Hacker News new | ask | show | jobs
by MichaelZuo 1144 days ago
Considering that increasing context length is O(n^2), and that current 8k GPT-4 is already restricted to 25 prompts/3 hours, I think they will launch it at substantially higher pricing.
5 comments

> current 8k GPT-4 is already restricted to 25 prompts/3 hours

I'm pretty sure they're using a 4k GPT-4 model for ChatGPT Plus, even though they only announced 8k and 32k... It can't handle more than 4k of tokens (actually a little below that, starts ignoring your last few sentences if you get close). If you check developer tools, the request to an API /models endpoint says the limit for GPT-4 is 4096. It's very unfortunate.

Ah this explains a lot. I couldn't understand why I couldn't get close to the ~12 pages that everyone was saying 8,000 tokens implied.
As far as I know it's not documented anywhere and there is no way to ask the team at ChatGPT questions.
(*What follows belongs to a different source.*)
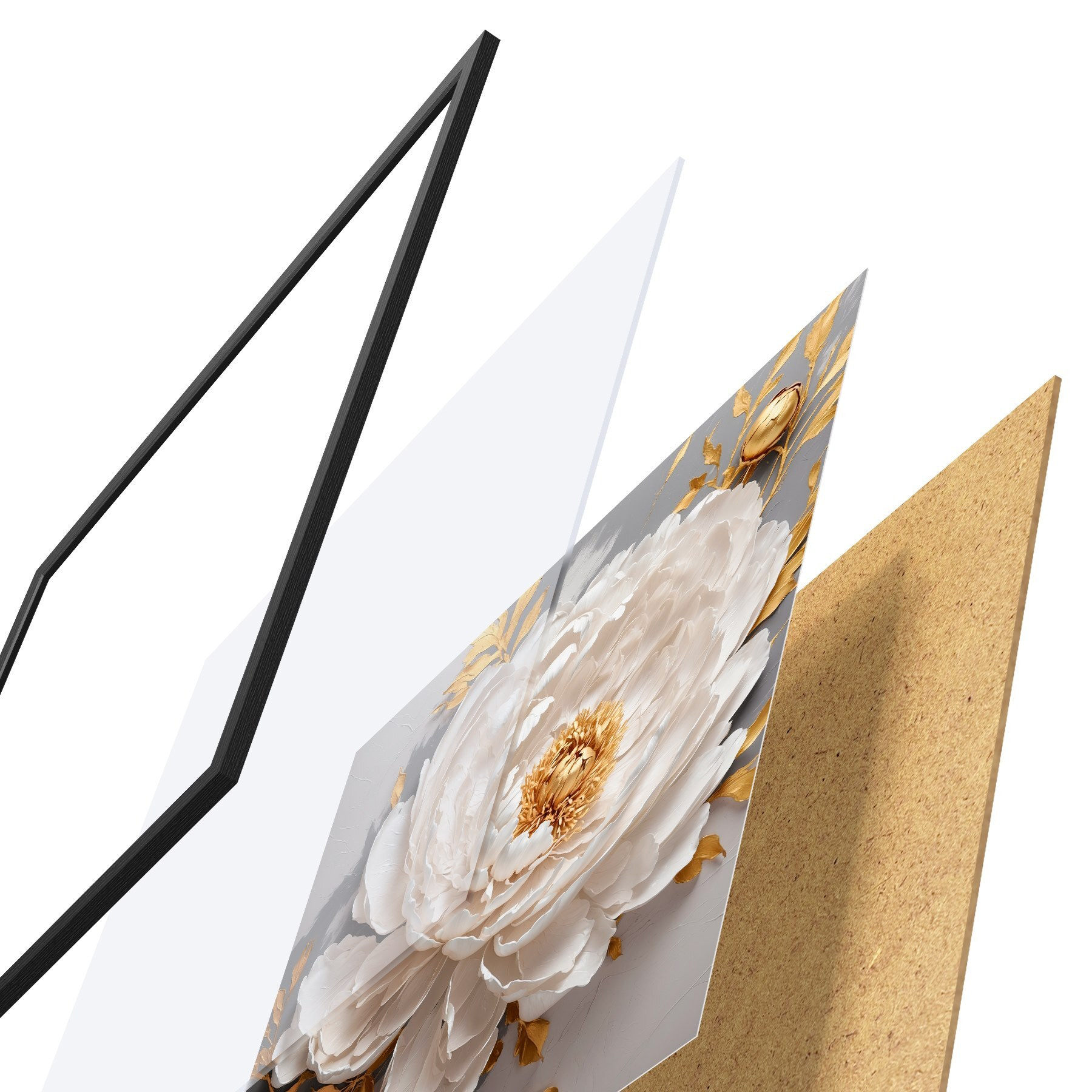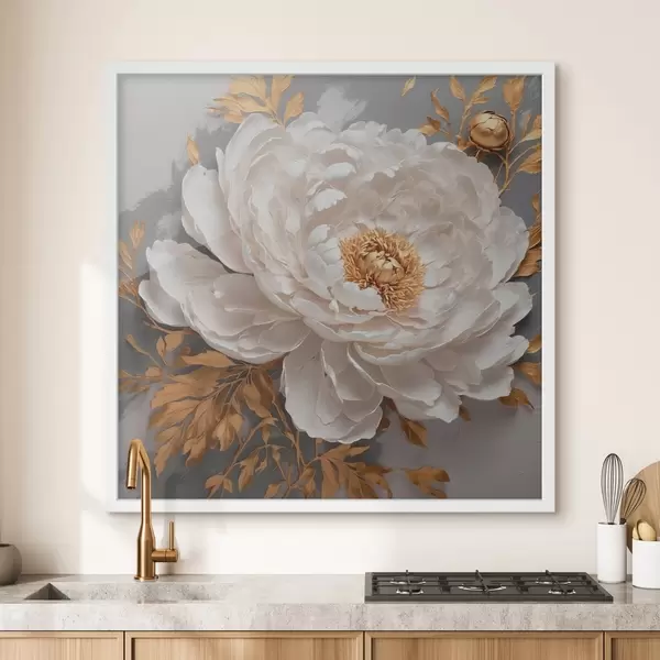 Poster Witte pioen op grijze achtergrond Nr f42260

I sent them an email about it a few days after GPT-4 release and still haven't received a reply.

Another thing that annoys me is how most updates don't get a changelog entry. For whatever reason, they keep little secrets like that.

Their PR is terrible and I get the impression that they wish their own users would “just go away”.

Every time I see a company act like this, more responsive and truly open competition eventually eats their lunch.

The raw chat log has the system message on top, plus "user:" and "assistant:" for each message, and im_start/im_end tokens to separate messages, hence why the visible chat context is slightly under 4k.
Your second link has the immediate comment "Gpt3 includes dense attention layers that are n^2". So it's not at all unlikely.
GPT3 was released 3 years ago now. There have been major advancements in scaling attention so it would be strange if they didn't use some of them
It doesn't matter how many major advancements they made in scaling, as long as one component is O(n^2) or higher.
It's not the scale itself, it's the scaling architecture.
The same applies.
It will be interesting to see how far this quadratic algorithm carries in practice. Even the longest documents can only have hundreds of thousands of tokens, right?
Ideally you'd be able to put your entire codebase + documentation + jira tickets + etc. into the context. I think there is no practical limit to how many tokens would be useful for users, so the limits imposed by the model (either hard limits or just pricing) will always be a bottleneck.
I'm confused by this. Would you want to just include your codebase, documentation, etc. in some last-mile training? That way you don't need the expense of including huge amounts of context in every query. It's baked in.
I haven't tried this myself, but it is my understanding that finetuning does not work well in practice as a way of acquiring new knowledge.

There may be a middle ground between these two approaches though. If every query used the same prompt prefix (because you only update the codebase + docs occasionally) then you could put it into the model once and cache the keys and values from the attention heads. I wonder if OpenAI does this with whatever prefix they use for ChatGPT?

Yeah there's really three options here... Throw everything in context, fine tune, or add external search a la RETRO.

The latter is definitely the cheapest option; updates are trivial.

Yah... we really need some kind of architecture that juggles concept vectors around to external storage and does similarity search, etc, instead of forcing us to encode everything into giant tangles of coefficients.

GPT-4 seems to show that linear algebra definitely can do the job, but training is so expensive and the model gets so huge and inflexible.

It seems like having fixed format vectors of knowledge that the model can use-- denser and more precise than just incorporating tool results as tokens like OpenAI's plugin approach-- is a path forward towards extensibility and online learning.

some of the context length will be lost to waste spent on truncated posts, or are replies not considered part of context on ChatGPT? In both cases, might be worth designing a prompt, every so often, to get a reply with which to re-establish the context, thus compressing it.
It’s been available on Azure in preview. Pricing is double the 8K model.